Please see our demo notebook for examples of the output of the automated data exploration functionality’s output.

Saving and Loading Exploration Results

You can save the results of the automated data exploration to a file, and load it later to continue exploring or to visualize the results.

# Save the exploration results to a file
adults.save_data_exploration("exploration_results.dill")

# Load the exploration results from a file. This method is static, so you can call it without an instance of ExpDataFrame.
adults.visualize_from_saved_data_exploration("exploration_results.dill")
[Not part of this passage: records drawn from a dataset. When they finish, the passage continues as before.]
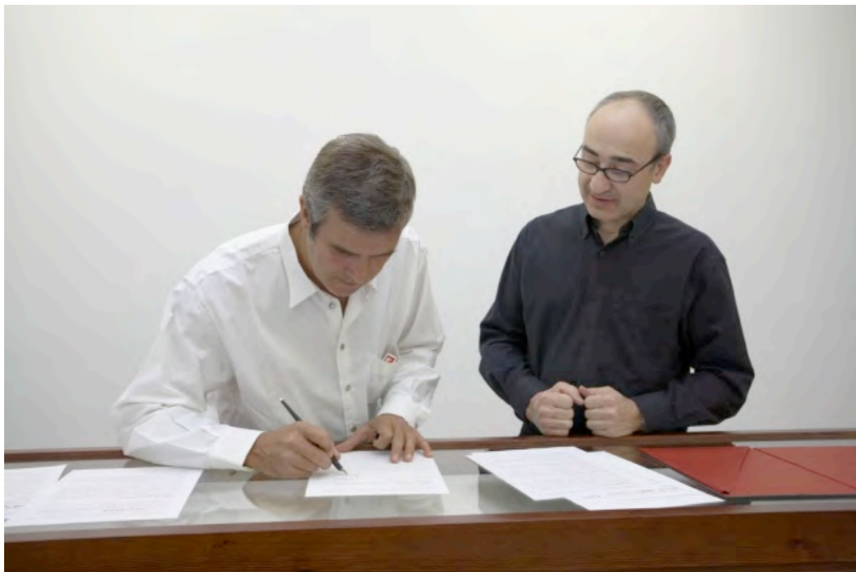
Signature of the first contract / Firma del primer contrato
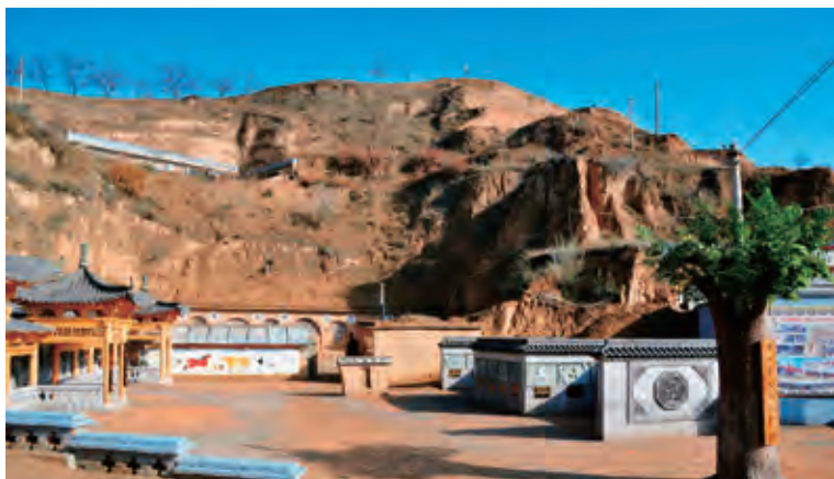
子洲县孝文化展览馆

展馆是子洲县践行社会主义核心价值观学习基地、爱国主义教育基地、文化艺术联合会见习基地和陕北文化研究会研究基地。
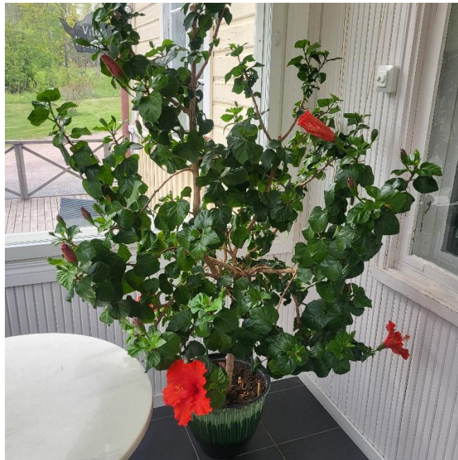
En prunkande hibiscus på Villa Kosthålls veranda

Som sista programpunkt åkte vi till Villa Kosthåll, där vi bjöds på kaffe med hembakt bulle. En lugn stund att njuta av livets goda i vårens skira grönska efter en händelserik dag, fylld av kontraster och delvis skakande upplevelser.
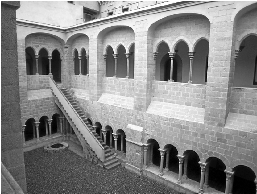
Fig. 9. Vista del claustre de Sant Daniel (autor: Anabel Moreno).
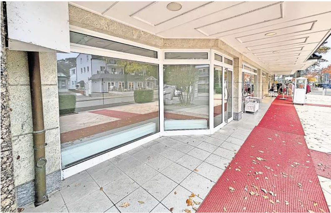
Vor diesem Geschäft an der Timmendorfer Strandallee wartet der rote Teppich vergebens auf interessierte Kundschaft: Der Laden ist leer.
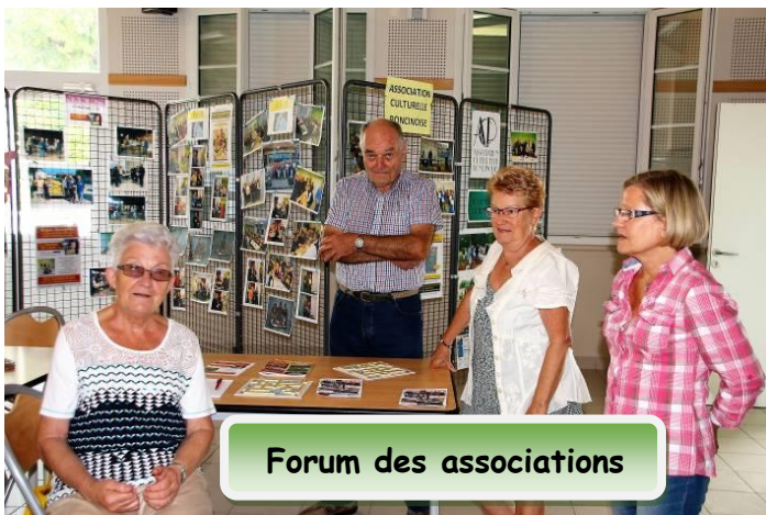
Forum des associations
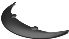
PROTECTION SOLAIRE POUR VISIÈRE 578 17 98-01

Followup For PD-Explain Explanations

Automated data exploration also provides a followup functionality that allows you to ask the LLM to provide followup analysis on the explanations generated by PD-Explain. This followup analysis looks for context within the data for the explanations, to explain why exactly the insight given by the explanation occurs. Additionally, if the explanation includes reasoning, the followup analysis will also try to corroborate or refute the reasoning provided by the LLM.

import pd_explain
import pandas as pd

# Load some data
df = pd.read_csv("adult.csv")

# Perform some operations on the data
by_workclass = adults.groupby('workclass').mean()
explanation = by_workclass.explain(top_k=4, add_llm_explanation_reasoning=True)
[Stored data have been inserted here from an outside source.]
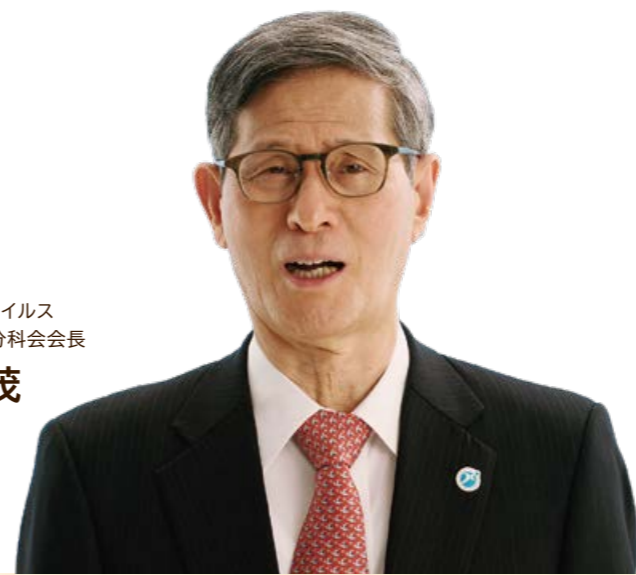
新型コロナウイルス 感染症対策分科会会長 尾身 茂
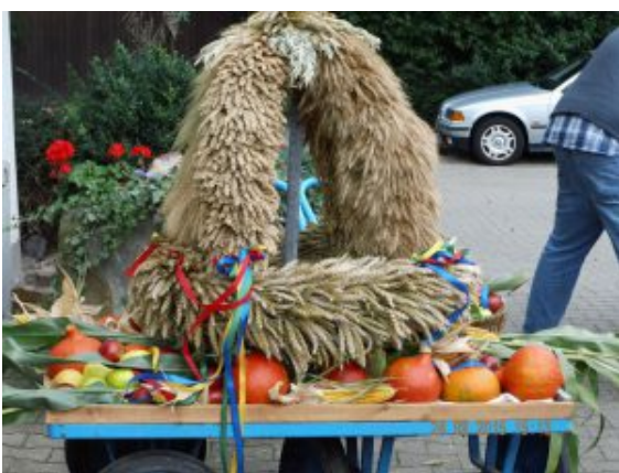
Die Erntekrone.

Der Ev. Männerverein wird in diesem Jahr am Donnerstag, 29. September, einen Umzug durchs „Alte Dorf“ vornehmen, um Erntegaben für die Auferstehungskirche zu sammeln. Beginn ist um 14:15 Uhr in der Kleingartenanlage „Im Krähenwinkel“ an der Töddinghauser Straße.
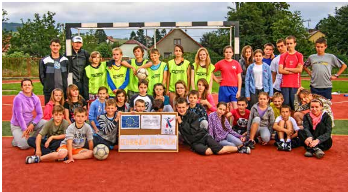
Športové hry s našimi poľskými kamarátmi
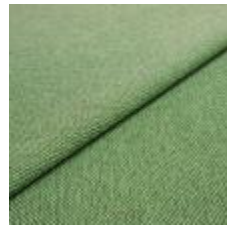
Blues CS II 9711 Green/Linen 1002157
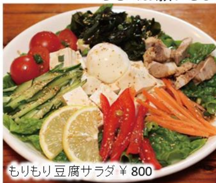
もりもり豆腐サラダ ¥ 800
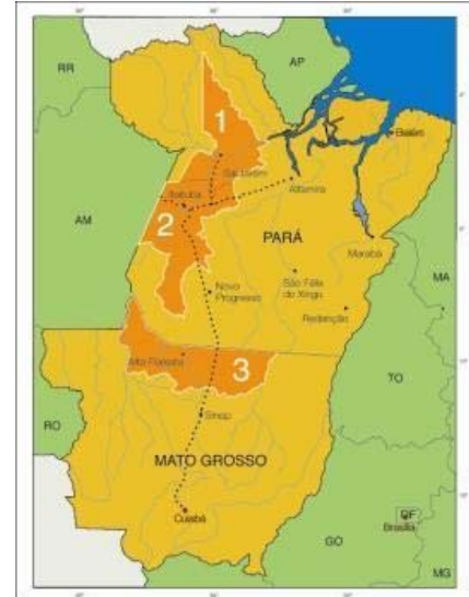
Figure 1 : Les trois microrégions d'intervention du Projet Diálogos : 1 « Baixo Amazonas », 2 « BR-163 », 3 « Portal da Amazônia »

Ce processus, classique en Amazonie, correspond au vieillissement de la frontière et à la structuration de l'espace géographique qui se fait d'autant plus rapidement que la pression et les intérêts politiques sont forts. Si dans le Portal donc, la proposition de développement territorial semble aller dans le sens des processus sociaux, pour le territoire de la BR-163 la situation est plus ambiguë. Bien que l'émancipation aille à l'inverse de leur nécessaire réunion au sein du projet de développement territorial, le fait que ces nouveaux municipes aient appartenus à la même entité est par contre positif.
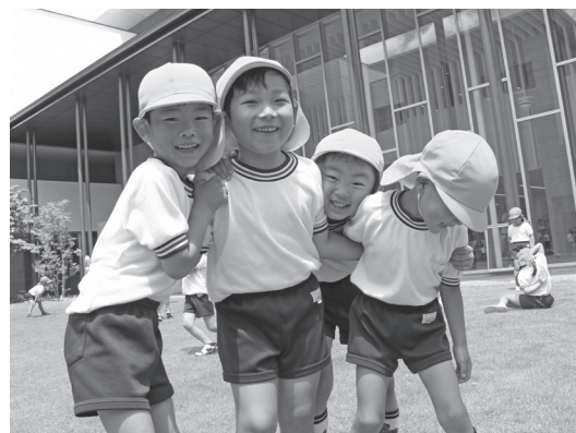
年少人口（15歳未満）割合が兵庫県内1位の太子町

町長 そのように思ってくれていてとてもうれしいです。太子町は兵庫県内の41市町ある中で年少人口（15歳未満）割合が一番高い町です。若い世代が多く、伝統文化も息つき、自然と市街地が両方存在します。このまちのいいところを伸ばせるように今後も取り組んでいきます。

# Ask the LLM to provide followup analysis on the explanation
by_wokrclass.follow_up_with_automated_data_exploration(
    # The index of the explanation to follow up on. For fedex, 0 is the top-left explanation, 1 is to the right of it, so on.
    # For MetaInsight, 0 is the top-most explanation. For many to one, 0 is the first row of the dataframe.
    explanation_index=0
    # The rest of the parameters are the same as for the automated_data_exploration method.
)

Beautification (beta)

The beautification functionality allows you to use an LLM to try and automatically improve the aesthetics of visualizations generated by PD-Explain. The beautification process will generate new visualization code based on the original visualization code, and will try to make it more visually appealing and easier to understand. This process is iterative, meaning that it will try to improve the visualization code multiple times until it reaches a satisfactory result or the maximum number of iterations is reached.

Beautification is currently supported for the following explainers:

FEDEx explainer
MetaInsight explainer

Method Signature

The usage of beautify is done by passing the beautify parameter to the explain method of the DataFrame or Series.

ExpDataFrame.explain(
    explainer: Literal['fedex', 'outlier', 'many_to_one', 'shapley', 'metainsight'] = 'fedex',
    beautify: bool = False,
    beautify_max_fix_attempts: int = 10,
    silent_beautify: bool = True,
    # The rest of the parameters are the same as for the explain method.
)

Parameters

beautify (bool): Whether to use the beautification functionality to try to improve the aesthetics of the visualizations generated by the explainer. Defaults to False.
beautify_max_fix_attempts (int): The maximum number of attempts to fix the visualization. Defaults to 10.
silent_beautify (bool): Whether to suppress the beautification progress messages. Defaults to True. If set to False, the beautification process will print progress messages to the console.

Example Usage

import pd_explain
import pandas as pd

# Load some data
df = pd.read_csv("adult.csv")

# Perform some operations on the data
low_income = adults[adults['label'] == '<=50K']

# Explain the data and beautify the visualizations
low_income.explain(top_k=4, beautify=True)

Output:

_images/pd_explain_beautification_example.jpg

On the left, is the original visualization generated by PD-Explain, and on the right is the beautified version of the same visualization.

You will be provided with both visualizations in an interactive widget.